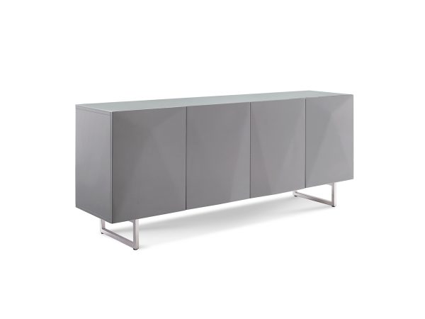 Sleek and sophisticated, the Paul Buffet is a striking statement piece designed for contemporary interiors. Finished in high-gloss grey, its clean lines are elevated by a refined geometric pattern on the cabinet doors, adding depth and visual interest.
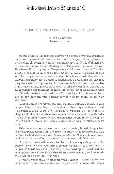 Borges y Whitman, el otro, el mismo [artículo] Tomás Eloy Martínez
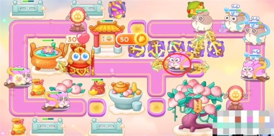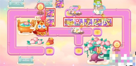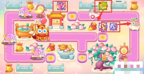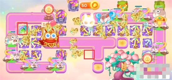 1、本关能够使用的炮塔是:毒针、回旋镖、船锚、烟花、普通炮,我们这一关使用船锚和回旋镖输出。
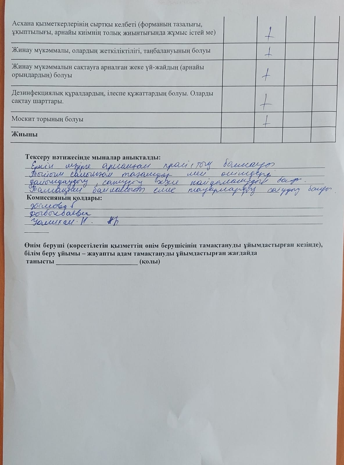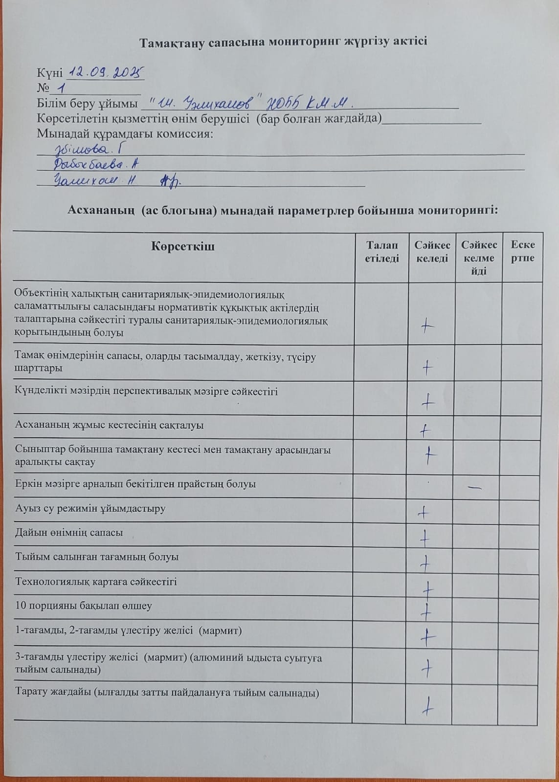 » Тамақтану сапасына мониторинг жүргізу актісі

Task objective — Give back each line above exactly, with pictures dropped.

Solution to this exercise —
 Sleek and sophisticated, the Paul Buffet is a striking statement piece designed for contemporary interiors. Finished in high-gloss grey, its clean lines are elevated by a refined geometric pattern on the cabinet doors, adding depth and visual interest.
 Borges y Whitman, el otro, el mismo [artículo] Tomás Eloy Martínez
 1、本关能够使用的炮塔是:毒针、回旋镖、船锚、烟花、普通炮,我们这一关使用船锚和回旋镖输出。
 » Тамақтану сапасына мониторинг жүргізу актісі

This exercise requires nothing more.